Quebec Minister of International Affairs
- In office December 15, 1998 – April 29, 2003
- Premier: Lucien Bouchard; Bernard Landry;
- Preceded by: Sylvain Simard
- Succeeded by: Monique Gagnon-Tremblay
- In office October 6, 1985 – December 12, 1985
- Premier: Pierre Marc Johnson
- Preceded by: Bernard Landry
- Succeeded by: Gil Rémillard

Quebec Minister of Culture and Communications
- In office August 3, 1995 – December 15, 1998
- Premier: Jacques Parizeau; Lucien Bouchard;
- Preceded by: Jacques Parizeau
- Succeeded by: Agnès Maltais

Member of the National Assembly of Quebec
- In office December 8, 2008 – September 4, 2012
- Preceded by: Rita Dionne-Marsolais
- Succeeded by: Jean-François Lisée
- Constituency: Rosemont
- In office September 12, 1994 – April 14, 2003
- Preceded by: Lucienne Robillard
- Succeeded by: Diane Legault
- Constituency: Chambly

Personal details
- Born: September 26, 1945 (age 80) Quebec City, Quebec, Canada
- Party: Parti Québécois → Independent → Parti Québécois

= Louise Beaudoin =

Canadian politician (born 1945)

Louise Beaudoin (/fr/; born September 26, 1945) is a Canadian politician who represented the electoral district of Rosemont in the National Assembly of Quebec until 2012, as a member of the Parti Québécois (PQ).

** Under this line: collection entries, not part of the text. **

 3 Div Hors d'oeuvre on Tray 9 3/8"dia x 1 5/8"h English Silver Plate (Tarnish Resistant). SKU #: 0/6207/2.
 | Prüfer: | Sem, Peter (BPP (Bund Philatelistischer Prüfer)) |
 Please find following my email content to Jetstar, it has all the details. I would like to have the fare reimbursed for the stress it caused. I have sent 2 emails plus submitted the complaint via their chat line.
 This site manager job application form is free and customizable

She sat as an independent from June 6, 2011 to April 3, 2012. She is best known for her previous tenure as a Member of the National Assembly (MNA) for Chambly, from 1994 to 2003, when she occupied various ministerial positions.

==Biography==
Beaudoin earned a master's degree in history from Université Laval and a master's degree in sociology at the Sorbonne. As a student, like many contemporaries, she was associated with Quebec separatists.

In the 1970s, she worked at the École nationale d'administration publique (ENAP). She was also director of Claude Morin's office. Posted to the Délégation générale du Québec à Paris from 1984–1985, she was close to René Lévesque in the last years of his life.

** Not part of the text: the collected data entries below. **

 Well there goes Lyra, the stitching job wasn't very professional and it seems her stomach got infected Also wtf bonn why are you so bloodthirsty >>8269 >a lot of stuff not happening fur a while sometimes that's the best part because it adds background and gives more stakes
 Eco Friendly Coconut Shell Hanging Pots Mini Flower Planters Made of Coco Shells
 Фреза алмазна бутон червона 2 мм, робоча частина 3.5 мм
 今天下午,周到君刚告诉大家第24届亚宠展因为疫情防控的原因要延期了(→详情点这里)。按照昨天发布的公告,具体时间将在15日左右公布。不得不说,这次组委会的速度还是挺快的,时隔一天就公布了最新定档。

Beaudoin was elected as a péquiste in the riding of Chambly in 1994, and re-elected in 1998.

During her time as MNA of Chambly, Beaudoin had several portfolios. At various times she was the minister responsible for the Charter of the French Language, international relations, intergovernmental relations, La Francophonie, Culture and Communications, and globalization. She received some English press coverage for her spirited defence of Bill 101 on an episode of 60 Minutes. Her stringent enforcement of Bill 101 didn't play well with the Anglophone communities in Quebec, and she was famously portrayed as a leather-clad dominatrix by popular Montreal Gazette cartoonist Aislin. On several occasions she has made controversial remarks about culture, claiming, for example, that multiculturalism is a Canadian value but not a Quebec one. With Sheila Copps, the Minister for Canadian Heritage, Beaudoin also worked for the adoption of the UNESCO Universal Declaration on Cultural Diversity, voted on after the September 11 attacks in 2001. The same year, she accused the federal government of lying for not permitting Quebec premier Bernard Landry to participate in the Summit of the Americas.

After eight years as MNA of Chambly, Beaudoin was defeated by the Liberal Diane Legault in 2003. Her defeat was largely attributed to anti-PQ resentment in the Saint-Bruno area of the riding as a result of Bill 170.

After her departure from the National Assembly, she joined the Université du Québec à Montréal as a professor and there continued her studies into globalization.

She was decorated as a commandeur of the Légion d'honneur on September 23, 2004.

She did not run for the PQ in the riding of Chambly in the 2007 elections and her assistant Bertrand St-Arnaud tried to win the seat but lost to adéquiste Richard Merlini.

Beaudoin returned to the political scene in December 8, 2008 by getting elected in Rosemont to succeed the resigned Rita Dionne-Marsolais.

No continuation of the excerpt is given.